“谢大人,请您过目!这便是我宁府与江府亲手签订的婚书,字字句句都写得清清楚楚、明明白白,末尾还盖着江府的官方印信,绝无半分作假!”
“不可能!”
江晚晚想抢婚书,宁致远将婚书一拽,再次呈到谢晋渊的面前。
江晚晚瞬间崩溃,同样是父亲,她不明白,父亲为何要如此对她。
谢晋渊面无表情地接过那纸婚书,随意扫了一眼,随即淡淡开口,话语却如同一盆冰水,狠狠浇在了江晚晚的心头:
“既然有婚书为证,你便从了吧。”
江晚晚猛地抬头,满眼震惊地看着谢晋渊,瞳孔微微颤抖。
她没想到自己手中亲手打造的男主居然是这样一个不分是非黑白的男人:
“谢晋渊,你.......”
一旁的宁致远则是一脸得意扬扬,对着谢晋渊拱手作揖,志得意满地说道:
“多谢谢大人成全,宁某感激不尽!”
可他的得意还未持续片刻,变故陡生!
只听“噗嗤”几声清脆的撕裂声,谢晋渊手腕猛地用力,方才还被他视作“证据”的婚书,瞬间被他撕成了碎片。

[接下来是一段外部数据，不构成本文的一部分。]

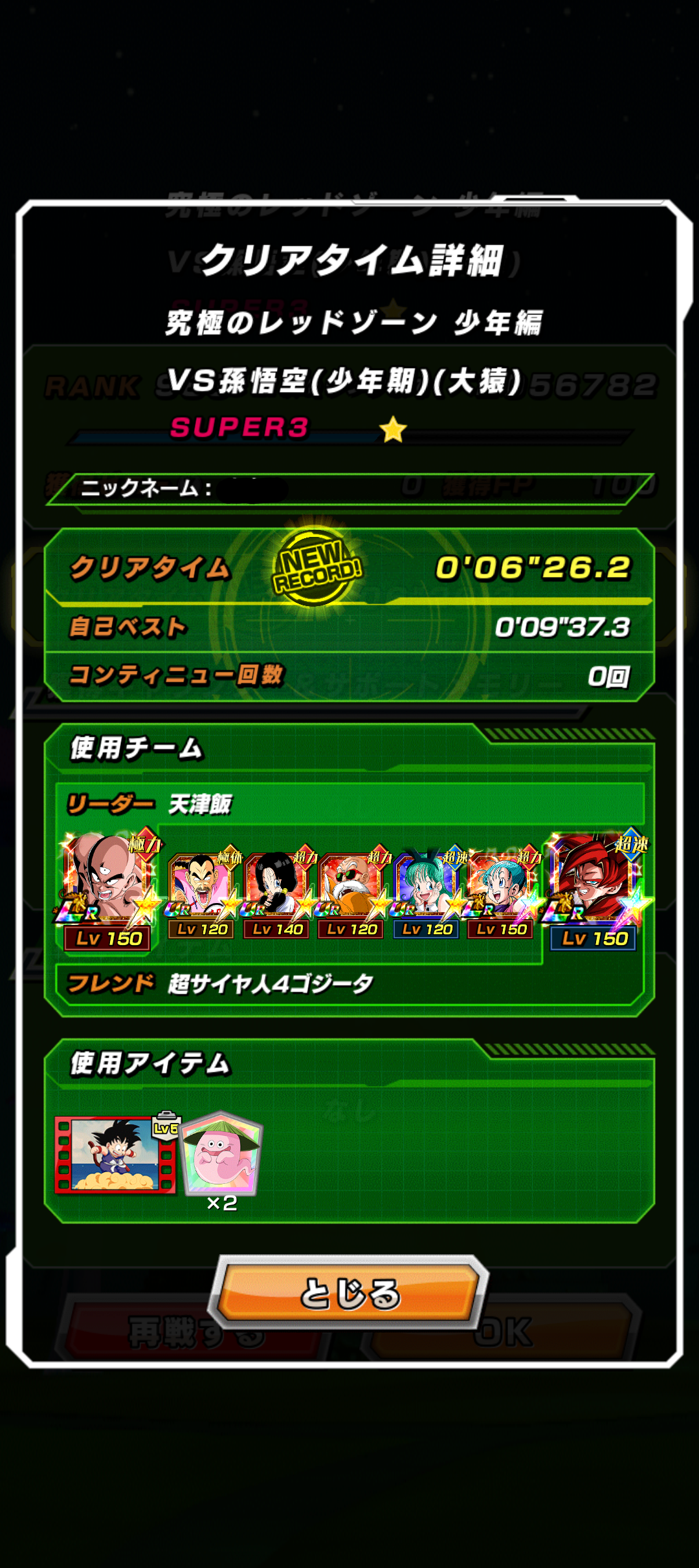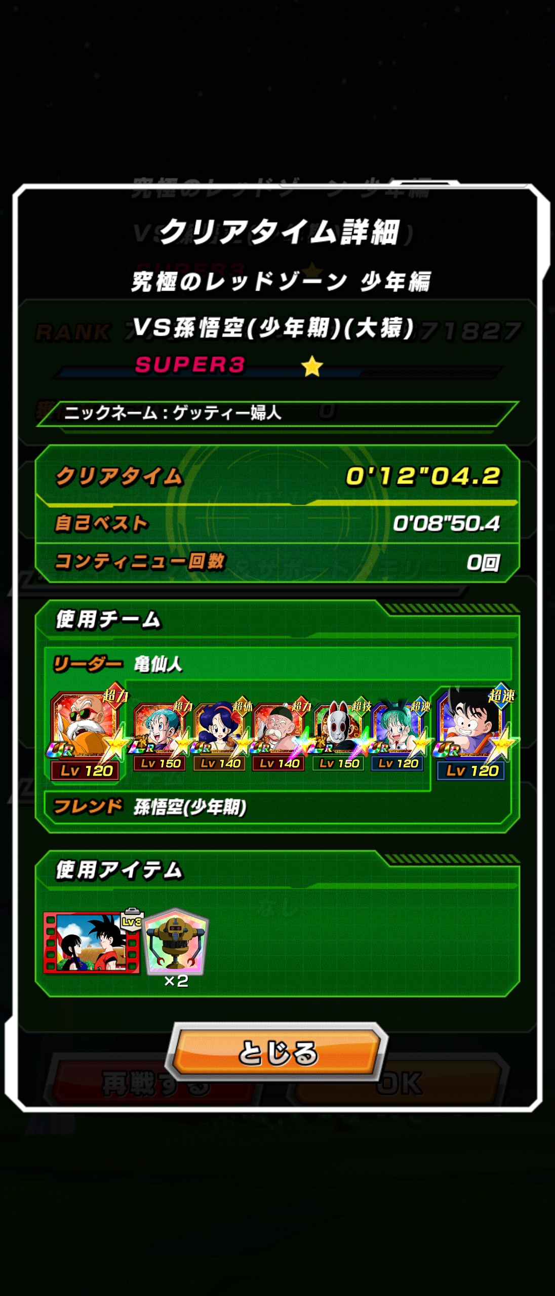 ブヨンや大魔王や桃白白はアイテム使えば実質無敵、4ターンはウイスで持たせて後はフレンドの少年悟空・自前の極限少年悟空で削り切るのみです。5ターン目に食い込んでも1番手のフレンド悟空が消し飛ばしてくれます。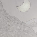 「部屋から見る無数のビル群が時間や季節の移ろいとともに表情を変え、一瞬も同じ風景がないことにインスパイアされた」という山田さん。この部屋に描かれたのは、大阪・金剛寺の≪日月山水図屏風≫をモチーフとした、時間の流れとともに変化し、おぼろに光る山水画です。※注1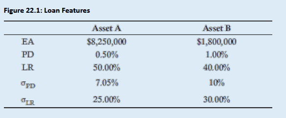 Example: Bigger Bank has two assets outstanding, with their features summarized in below Fig. Assuming a correlation of 0.3 between the assets, compute the expected loss and unexpected losses of the portfolio. Also calculate the risk contribution of each asset.

紧接着,他手腕一扬,那些碎纸尽数砸在了宁致远的脸上,冰冷的碎屑落了他满头满脸。
谢晋渊的语气骤然变得狠厉无比,眼神里翻涌着骇人的杀意,字字诛心:
“可如今什么都没有了,宁致远,若本官再看见你调戏良家女子,本官便替天行道,亲手阉割了你!”
方才那副平淡公允的模样荡然无存,此刻的谢晋渊,才是真正令人胆寒的冷面杀神。
宁致远彻底懵了,他万万没想到谢晋渊变脸竟比翻书还快,前一秒还让他遵婚书行事,下一秒就撕了婚书对他厉声警告。
他张了张嘴,本想壮着胆子反驳几句,可一触及谢晋渊眼底那越来越浓重、几乎要溢出来的杀意,浑身的骨头都仿佛被吓软,半句狠话也说不出来。
只能脸色铁青,悻悻地攥紧拳头,狼狈不堪地转身逃离。
江晚晚站在原地,怔怔地看着眼前的一切,心头的震惊与茫然还未散去,她怎么也没有想到,谢晋渊最后竟然会亲手撕了那纸婚书,出手帮了自己。
半晌,她才回过神来,对着谢晋渊盈盈福身,语气里满是真挚的感激:
“多谢谢大人方才出手相助,小女子感激不尽!”
谢晋渊却始终没有抬眸看她一眼,只是垂着眼帘,语气淡漠,缓缓开口:
“我不是帮你,只是答应过信之,要护你周全。”
一听到“裴信之”这三个字,江晚晚的心脏骤然一紧,立刻上前一步,眼神急切又慌乱,连声追问:
“大人!裴大人如今到底是什么状况?方才宁致远说的全都是假的,对不对?他只是为了报复我,故意编造谎言说他……说他死了,这一切都是假的,对不对!”
面对江晚晚这近乎崩溃的追问,谢晋渊喉结滚动了几下,神色复杂,他张了张嘴,最终只艰难地吐出一个字:
“他……”
话到嘴边,他终究还是说不出口,那残酷的真相,他实在不忍心亲口告诉眼前这个满心期盼的女子。"